RegEx Function: Title Case - Page 2

kovidgoyal · 12-30-2014, 08:55 PM

The way those functions work is that they uppercase the contents of any groups in the find expression. You have specified a group that matches H1. You need to specify a group that matches the actual content, like this.

<[Hh][1-6]>(.+?)</[Hh][1-6]>

If you want a case changing function that ignores text in tag definitions in the matched text, then you will need to write one for yourself. The builtin functions wont do that, because, they are for general purpose use, not specifically for changing text between tags.

phossler · 12-31-2014, 10:29 AM

Thanks for your patience and the explanations

Quote:

You need to specify a group that matches the actual content, like this.

Thanks - I'm a little smarter about RegEx now.

Using your Find works exactly as advertised and it correctly finds and highlights the Hx tags.

Quote:

The built in functions won't do that, because, they are for general purpose use, not specifically for changing text between tags.

Understand, but it still seems (to me at least) that there is a possible side effect of the built in TitleCase function

1. It replaces tag markers ('<' and '>') with what is treated like normal text
2. It does not TitleCase the text that it does find

Quote:

'''Title-case matched text. If the regular expression contains groups,
only the text in the groups will be changed, otherwise the entire text is
changed.'''

So I assume that

<[Hh][1-6]>(.+?)</[Hh][1-6]>

would make the \1 group for the Replace just the red text in the Before below?

Before:

Code:

  <h1>TEST1 TEST1 TEST1 TEST1 TEST1 </h1>
  <p>NOW IS THE TIME and this should remain mixed case</p>
  <h1>TEST2 TEST2 TEST2 <br/><br/>TEST3 TEST3 </h1>
  <p>NOW IS THE TIME and this should remain mixed case</p>
  <h1>TEST4 <i>TEST4 TEST4 TEST4</i> TEST4 </h1>

After:

Code:

 <h1>Test1 Test1 Test1 Test1 Test1 </h1>
  <p>NOW IS THE TIME and this should remain mixed case</p>
  <h1>TEST2 TEST2 TEST2 &lt;br/&gt;&lt;br/&gt;TEST3 TEST3 </h1>
  <p>NOW IS THE TIME and this should remain mixed case</p>
  <h1>TEST4 &lt;i&gt;TEST4 TEST4 TEST4&lt;/i&gt; TEST4 </h1>

1. So the simplest case (first H1) works correctly

2. I don't understand why the same logic isn't applied to the second and third so that all text between the Hx's is made title case, as well as why the replacement of < and > with entities which end up being treated like normal text

kovidgoyal · 12-31-2014, 10:45 AM

The logic is simple:

*Everything* that matches the expression inside the brackets is made upper case. Furthermore, the function treats all that text as plain text, not a mix of HTML and plain text. That means that because the output of the function is being put into an HTML file < and > get replaced by entities.

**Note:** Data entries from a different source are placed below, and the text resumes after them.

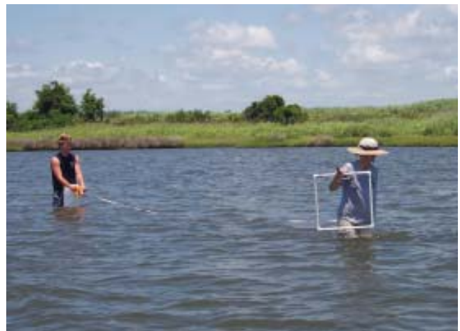
Volunteers conduct a transect survey of a restored oyster reef to evaluate project success.
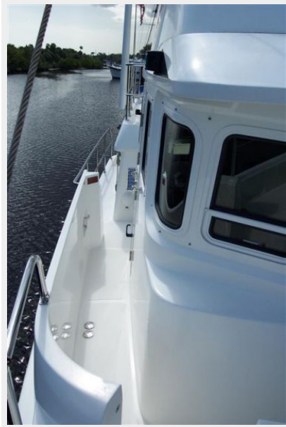
Starboard Side Deck Aft
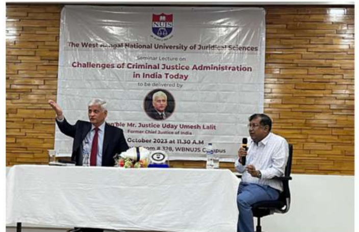
SEMINAR LECTURE BY HON'BLE MR. JUSTICE UDAY UMESH LALIT, FORMER CHIEF JUSTICE OF INDIA HELD ON OCTOBER, 2023
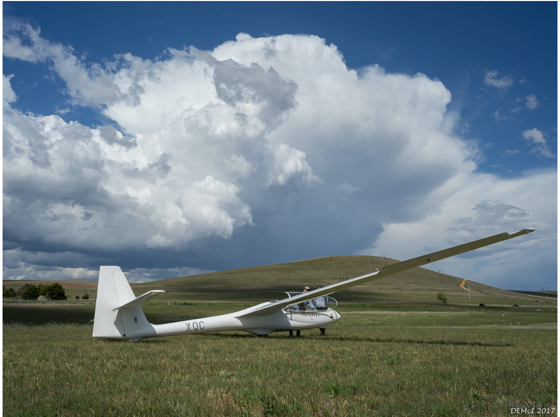
SZD-50 Puchacz ('Owl')
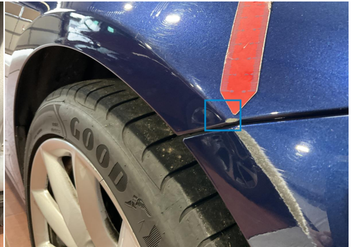
8. Fender / Front Right Paint / Stone Chip -
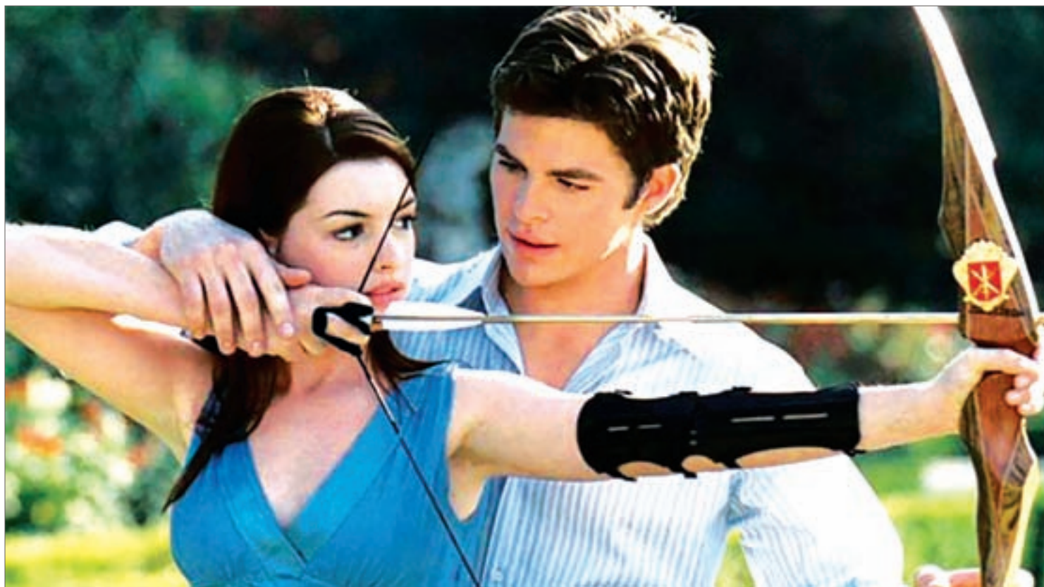
"Princess Diaries" director Garry Marshall has revealed that he has spoken to its star Anne Hathaway and Julie Andrews for another sequel of the franchise.

LOS ANGELES — "Princess Diaries" director Garry Marshall has revealed that he has spoken to its star Anne Hathaway and Julie Andrews for another sequel of the franchise.
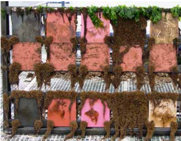
Transocean executes raft testing of antifoulings worldwide.

High pressure – and Ultra high pressure water jetting is therefore the preferred method for maintenance shipyards as it not only results in less waste but also it leaves a good clean substrate for recoating.

Or in other words, that function is not designed to be used in the way you are trying to use it.

You need to come up with a function that understands that it could be operating on a mixture of HTML tags and plain text and so restricts itself to only the plain text parts.

kovidgoyal · 12-31-2014, 10:46 AM

I have created a builtin function for you that does that, in the next release.

https://github.com/kovidgoyal/calibr...151ff7a9946577

jbacelar · 12-31-2014, 11:10 AM

Paul,
What it seeks this expression: <[Hh] [1-6]>(.+?)</ [Hh] [1-6]>, is:
<one h (or H) followed by a number (1 to 6)>anything</ another h followed by another number>

Here:
<h followed by one number> anything </ br or </i

br or i is not one h followed by a number.

I recommend that if you want to use regex, visit this website:
http://www.regular-expressions.info/tutorial.html

phossler · 12-31-2014, 03:19 PM

@kovid -- THANKS!!!! I can see I'll have to learn at least a little python

I was confused by the apparent different treatment of the TitleCase function between the first (simplest) sentence "Where It Worked Just Fine" and the second and third where IT LEFT EVERYTHING IN UPPER CASE

@jbacelar -- The Find Kovid gave me seems to work fine. It would select all this H1 text, including the <h1> and </h1> ...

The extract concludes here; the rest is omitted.